Sparse Bayesian Networks: Efficient Uncertainty Quantification in Medical Image Analysis

TL;DR

This study introduces a training procedure for a sparse (partial) Bayesian network that selectively assigns a subset of parameters as Bayesian by assessing their deterministic saliency through gradient sensitivity analysis, and achieves competitive performance and predictive uncertainty estimation by reducing Bayesian parameters by over 95%.

Abstract

Efficiently quantifying predictive uncertainty in medical images remains a challenge. While Bayesian neural networks (BNN) offer predictive uncertainty, they require substantial computational resources to train. Although Bayesian approximations such as ensembles have shown promise, they still suffer from high training and inference costs. Existing approaches mainly address the costs of BNN inference post-training, with little focus on improving training efficiency and reducing parameter complexity. This study introduces a training procedure for a sparse (partial) Bayesian network. Our method selectively assigns a subset of parameters as Bayesian by assessing their deterministic saliency through gradient sensitivity analysis.

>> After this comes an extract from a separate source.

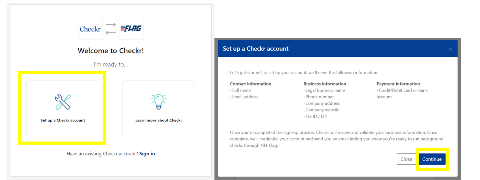 Setup: Select “Set up a Checkr account”, review the required information, and click “Continue”.
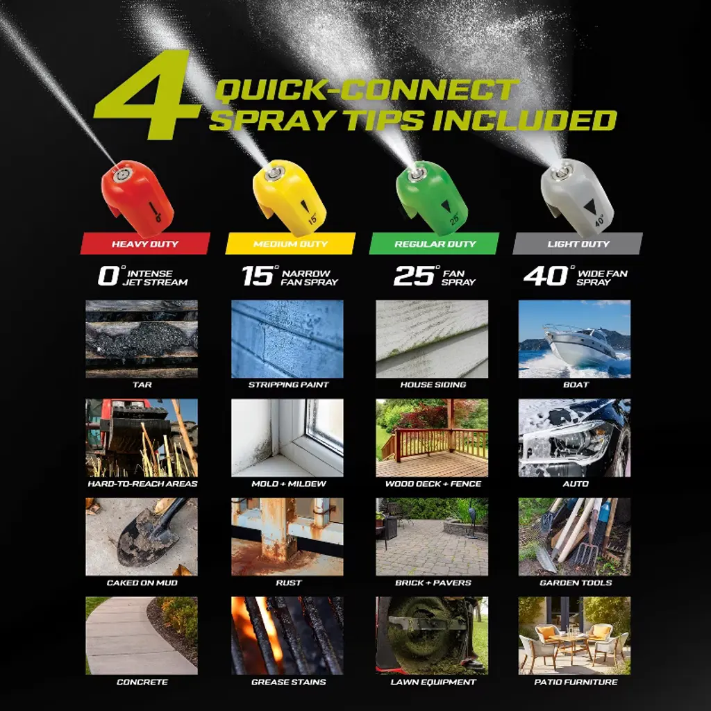 You Name It. You Aim It. Grime Is Gone®. When Grime Gets The Upper Hand, Fight Back Against Your Toughest Home, Outdoor And Auto Cleaning Tasks With The Sun Joe® Spx3000® Xtream. Combining Gas-Like Power With The Ease And Convenience Of Electric, The Sun Joe Xtream Is Made For Those Who Demand The Most From Their Machines. Its Robust 13-Amp Motor Packs A Powerful Punch, Quickly Generating Up To 2200 Pounds Per Square Inch Of Pressure To Break Down And Strip Away Dirt, Grease And Grime, And Up To 1.1 Gallons Per Minute Of Maximum Flow To Rinse Away Tough Oil Stains, Mold, Mildew, Caked-On Mud, Rust, Tar And Other Stubborn Dirt And Debris.The Secret To The Sun Joe Spx3000 Xtream’S Superior Performance Is Its Exclusive Xtream Triple-Action Power:Xtream Foaming: The Onboard Detergent Foam Cannon Aerates Detergent And Shoots It Up To 15 Feet Away For Maximum Coverage And Unmatched Adhesion To Help Remove Sticky Underlying Layers Of Dirt And Surface Grime.Xtream Cleaning: 4 Quick-Connect Nozzles (0º, 15º, 25º, 40º) In A Range Of Spray Patterns From Pinpoint Jet To Fan Spray Tackle Heavy, Medium And Light Duty Jobs.Xtream Rinsing: The Powerful 14.9-Amp Motor Generates Up To 2200 Psi Of Pressure And 1.1 Gpm Of Flow To Rinse Away Dirt + Grime For A Sun Joe Shine.Packed With A Host Of Handy Features, The Sun Joe Xtream Is Primed To Win The War On Grime! It Includes A Rugged 20-Foot, Steel-Reinforced, High-Pressure Hose And A Durable Stainless Steel Lance With Solid Brass Fittings, The Same Quality Construction You’D Expect To Find On Commercial Gas-Powered Pressure Washers. It’S Also Equipped With A 35-Ft Power Cord With Gfci Protection And A Handy Onboard Storage Compartment To Neatly Store Your Accessories (Sold Separately). Plus, Its Exclusive Tss (Total Stop System) Technology Means The Sun Joe Xtream, Unlike Gas-Powered Pressure Washers That Run Loudly And Continuously, Automatically Shuts Off Both Pump And Power When The Trigger Is Not Engaged To Save Energy, Prolong Pump Life, And Ensure Quieter Operation When Not In Use.Only The Sun Joe Xtream Provides The Versatility You Need To Tackle A Variety Of Cleaning Projects. With 4 Onboard Quick-Connect Nozzles, You Can Quickly Customize The Clean To Suit The Task. And When Your Cleaning Blast Needs A Detergent Boost, Simply Click To Connect The Included Foam Cannon.But Don’T Just Take Our Word For It! The People Have Spoken – Check Out The Thousands Of 5-Star Reviews That Have Made Sun Joe America’S Leading Brand Of Electric Pressure Washers!Plus, Every Spx3000 Xtream Is Backed By Sun Joe’S Rock-Solid 2-Year Warranty For Continuous, Reliable Performance You Can Count On Season After Season.From Porch To Patio, Auto, Rv, Boat, Deck And Driveway — When There’S Dirty Work To Be Done, Take It To The Xtream And Go With Joe®.

The resulting network combines deterministic and Bayesian parameters, exploiting the advantages of both representations to achieve high task-specific performance and minimize predictive uncertainty. Demonstrated on multi-label ChestMNIST for classification and ISIC, LIDC-IDRI for segmentation, our approach achieves competitive performance and predictive uncertainty estimation by reducing Bayesian parameters by over 95\%, significantly reducing computational expenses compared to fully Bayesian and ensemble methods.
Paper Structure (15 sections, 1 equation, 4 figures, 1 table)

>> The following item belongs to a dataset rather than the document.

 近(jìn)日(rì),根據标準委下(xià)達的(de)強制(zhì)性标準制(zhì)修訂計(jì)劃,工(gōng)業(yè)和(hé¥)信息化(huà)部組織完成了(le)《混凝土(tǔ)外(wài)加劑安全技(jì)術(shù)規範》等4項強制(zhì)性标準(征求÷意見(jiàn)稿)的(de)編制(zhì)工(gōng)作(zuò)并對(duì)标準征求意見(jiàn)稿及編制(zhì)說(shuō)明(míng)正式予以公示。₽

This paper contains 15 sections, 1 equation, 4 figures, 1 table.

Figures (4)

  • Figure 1: Various model implementations of deterministic (a), Bayesian (b), partial Bayesian (c, d), where black connections are deterministic, and red are probabilistic (Bayesian). Partial Bayesian models can be implemented in two distinct approaches, (c) where a single or multiple layers can be set as Bayesian, or sparse approach (d) where a selected number of connections can be Bayesian. (b $\rightarrow$ d arranged from highest to lowest number of Bayesian parameters).
  • Figure 2: Our proposed training of sparse (partial) Bayesian network. Step 1: Train a deterministic model by minimizing the negative log likelihood $\mathcal{L}(y, y_{gt})$ where the parameters are represented as point estimates. Step 2: Perform a gradient-based sensitivity analysis, denoted as $\nabla \theta$, and identify the Topk connections corresponding to the highest gradients (in red). Step 3: Train a sparse (partial) Bayesian model with the Topk connections as Bayesian parameters and the remaining network as deterministic by minimizing the Evidence Lower Bound (ELBO) loss $\mathcal{L}(y, y_{gt})+\beta \cdot KL\left(p_b(\theta), q_b(\theta)\right)$, where $p_b(\theta)$ and $q_b(\theta)$ are the prior and posterior distributions for the $\theta_b$ Bayesian parameters.
  • Figure 3: Segmentation samples for 5-member ensemble, 1% partial Bayesian, and fully Bayesian models with input image on the far left. Predictions mask overlays show true positive (green), false positive (blue), and false negative (red). The uncertainty map is the entropy of the output probability, showing regions of high (red) and low (blue) uncertainty. (b) LIDC-IDRI includes inter-rater variability (2nd column). Our partial 1% is at par with ensembles at a lower cost. (Zoom in for a better view of the details.)
  • Figure 4: Performance comparison of partial Bayesian models with $r_{bayes}=$ (1%, 5%, 10%, 20%, 40%, 80%), 5-member ensembles, and fully Bayesian models for classification and segmentation tasks. Mid-line is the median metric value. Shaded area indicates the 25-75% interquartile range. Test Error is computed as $(1-\text{accuracy/Dice/IoU})$.